Under the protection of the BJP-led ‘double engine’ union and state governments, Hindu majoritarian forces have consistently and systematically used cow vigilantism to stoke communal tensions. As we shall see in the timeline given below, the recent incidents have been preceded by several lynchings of Muslim men – all in the name of cow vigilantism. Two key figures behind the recent episode– Mohit Yadav alias Monu Manesar and Raj Kumar alias Bittu Bajrangi – are Bajrang Dal leaders and cow vigilantes.
According to data provided by the Nuh police to The Hindu, very few cases registered under this act actually end in conviction.[3] Of the 69 cases decided by the Nuh district and sessions court in the second half of 2022, only four ended in conviction – an acquittal rate of 94%. Despite an abysmally low conviction rate, almost one case every second day has been registered under this act in Nuh district alone over the last seven years. As of December 2022, there were 1,192 such cases pending before the Nuh court.

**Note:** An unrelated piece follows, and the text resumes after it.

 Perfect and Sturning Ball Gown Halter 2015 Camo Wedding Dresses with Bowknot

Based on our conversation with the local people, and on published reports on lynchings and communal tensions in Haryana, we believe that the current events must be situated in this pattern of cow vigilantism induced communal polarization which is accompanied by deliberate administrative inaction. We trace this pattern in the timeline given below.
Without downplaying the horror of the last one week, it must also be acknowledged that quick intervention by local leaders and the fabric of harmony in the region prevented a full scale riot. On 1 August, after the Haryana Home Minister Anil Vij claimed that around 3,000 to 4,000 people were ‘held hostage’ by Muslim rioters at the Nalhar Mahadev temple, the temple priest was the first one to publicly refute the minister. Even as the polarizing efforts have succeeded to a significant extent, parts of Mewat have retained its culture of communal amity. In the immediate aftermath of the violence, a mahapanchayat held in Kot village reaffirmed solidarities between Hindu Jats and Meo Muslims.

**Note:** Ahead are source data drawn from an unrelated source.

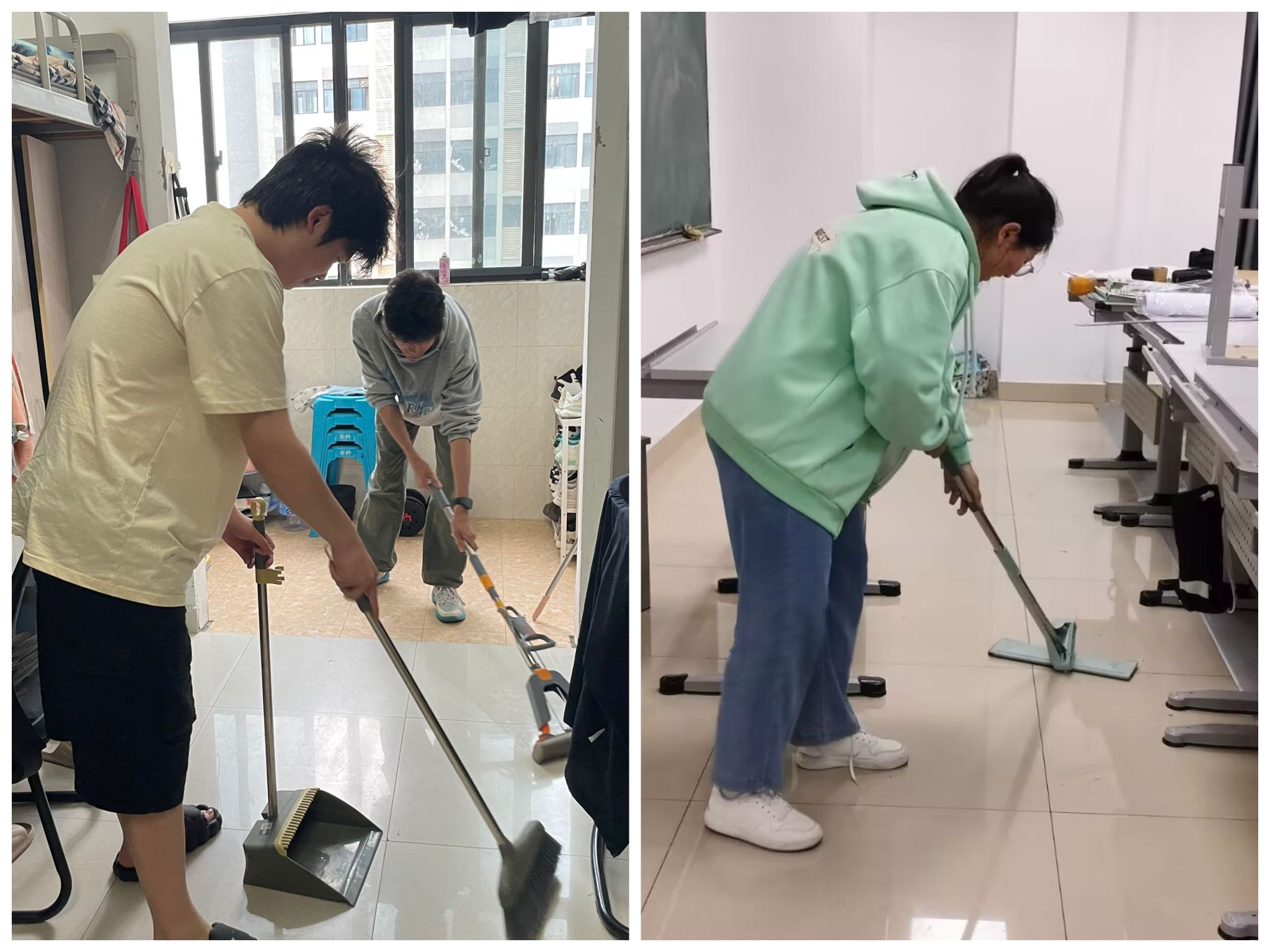 为引导学生“自己的事情自己做、自己的地盘自己管”,养成良好的个人生活习惯,5月8日-11日学院各班级开展宿舍、专业教室卫生大清扫。各班级同学分工负责,团结协作,为宿舍、专业教室消毒通风、清理垃圾、归整物品,共同维护宿舍、专教卫生干净整洁、环境氛围文明向上,让劳动教育成为一种生活养成教育。
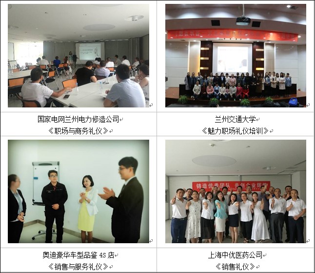 ● 曾為蘭州交通大學(xué),進(jìn)行了16期《職業(yè)素養(yǎng)與禮儀》課程培訓(xùn),并在一年內(nèi)開展了近30場禮儀培訓(xùn)講座,授課人次高達(dá)1000多人。課程內(nèi)容結(jié)合我國禮儀文化與當(dāng)代禮儀現(xiàn)狀,傳授禮儀知識和操作技能,讓學(xué)員真正了解“禮”和“儀”在職場中的關(guān)鍵性作用,促使學(xué)員對自身氣質(zhì)、風(fēng)度、言行舉止有了更高更深的要求……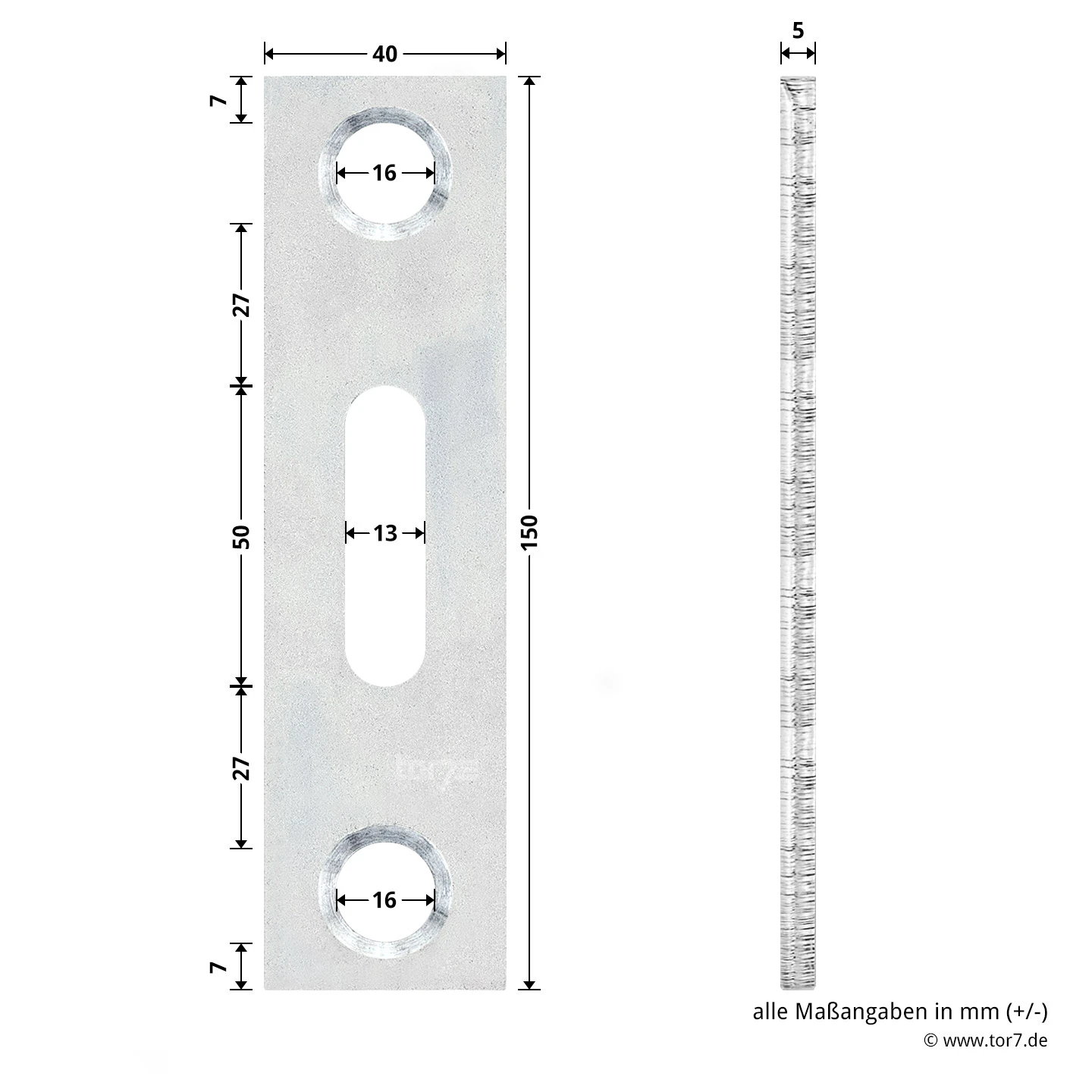 - Abmessungen (B x H x T): 150 x 40 x 5 mm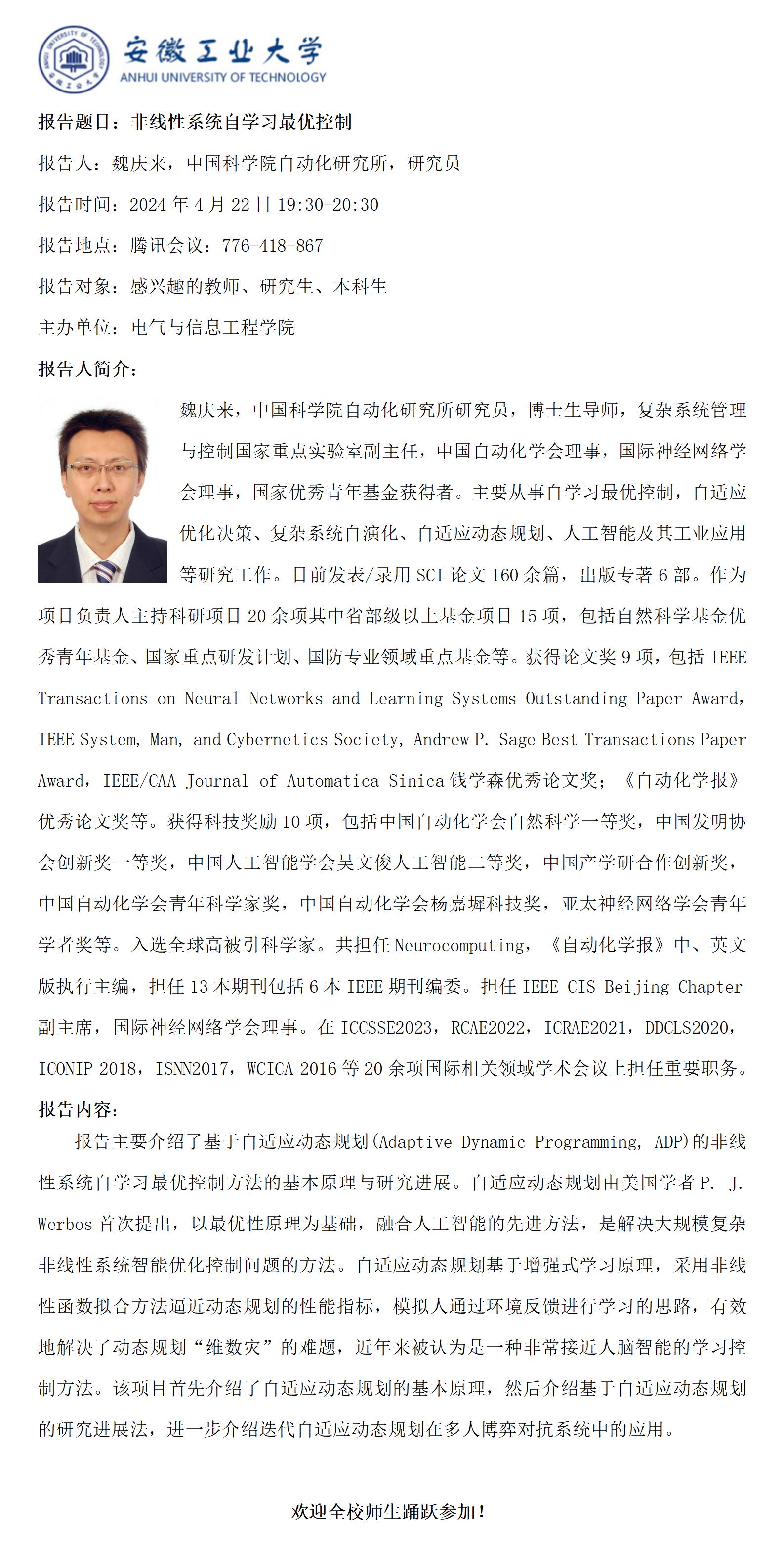 “谦之”学术讲坛之八十一-非线性系统自学习最优控制

November 2015: The BJP led Government of Haryana enacts the Gauvansh Sanrakshan And Gausamvardhan Act, which provides for imprisonment between 3 to 10 years for uncertified cow slaughter.
April 2017: Pehlu Khan, a dairy farmer from Nuh is attacked and killed by a group of cow vigilantes in Alwar district of Rajasthan (part of the broader Mewat region). Six others who are with Pehlu Khan are also beaten by the cow vigilantes.
November 2017: Umar Khan is lynched by cow vigilantes while transporting cattle in Ghatmeeka (in Alwar, around 50 km. from Nuh town).
July 2018: Akbar Khan alias Rakbar is lynched on the suspicion of smuggling cows by a mob in Alwar’s Ramgarh village.
June 2019: The Haryana government makes the Anti-Cow Slaughter Act more stringent. It authorised the police to seize a vehicle involved in the transportation of animals for slaughtering and search the premises used for such a purpose.
May 2021: Asif, a 27-year-old gym trainer and resident of Khalilpur Kheda (Nuh district), is lynched by a group of people on May 16. His cousin Rashid later tells the media that the mob was asking him to chant ‘Jai Shri Ram’ and talking about killing all Muslims. Asif’s family members claim that it is a lynching, but the police maintain that Khan was murdered due to personal animosity and filed an FIR against four unidentified people. Despite the COVID-19 lockdown in the state, mahapanchayats are held in multiple Haryana villages (including Nuh and its surrounding districts) in support of those arrested for lynching Asif Khan.[4]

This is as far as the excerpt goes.